According to Kurt Vonnegut
- Use the time of a stranger in such a way the he or she will not feel the time was wasted.
- Give the reader at least one character he or she can root for.
- Every character should want something, even if it’s only a glass of water.
- Every sentence must do one of two things—reveal the character or advance the action.
- Start as close to the end as possible.
- Be a sadist. No matter how sweet and innocent your leading characters, make awful things happen to them—in order that the reader may see what they are made of.
- Write to please just one person. If you open the window and make love to the world, so to speak, your story will get pneumonia.
- Give your readers as much information as possible as soon as possible. To heck with suspense. Readers should have such complete understanding of what’s going on, where and why, that they could finish the story themselves, should cockroaches eat the last few pages.
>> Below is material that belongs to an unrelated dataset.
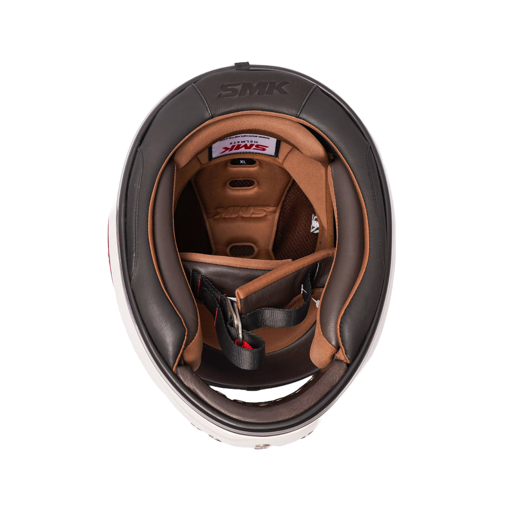 تمزج خوذة SMK Retro Solid Full‑Face ذات اللون الأبيض GL‑130 بين الجماليات الكلاسيكية الخالدة وخصائص السلامة الحديثة - وتتميز بشهادة DOT وECE، وبطانة جلدية مريحة، وقناع Pinlock جاهز، وألواح جانبية قابلة للتخصيص.

- Find a subject you care about and which in your heart you feel others should care about.
- Do not ramble.
- Keep it simple. Simplicity of language is not only reputable, but perhaps is even sacred.
- Have guts to cut. Your rule might be this: If a sentence, not matter how excellent, does not illuminate your subject in some new and useful way, scratch it out.
- Sound like yourself. The writing style which is most natural to you is bound to echo the speech you heard when you were a child.
- Say what you mean. You should avoid Picasso-style or jazz-style writing, if you have something worth saying and wish to be understood.
- Pity the readers. Our stylistic options as writers are neither numerous or glamorous, since our readers are bound to be such imperfect artists.
- You choose. The most meaning aspect of our styles, which is what we choose to write about, is utterly unlimited.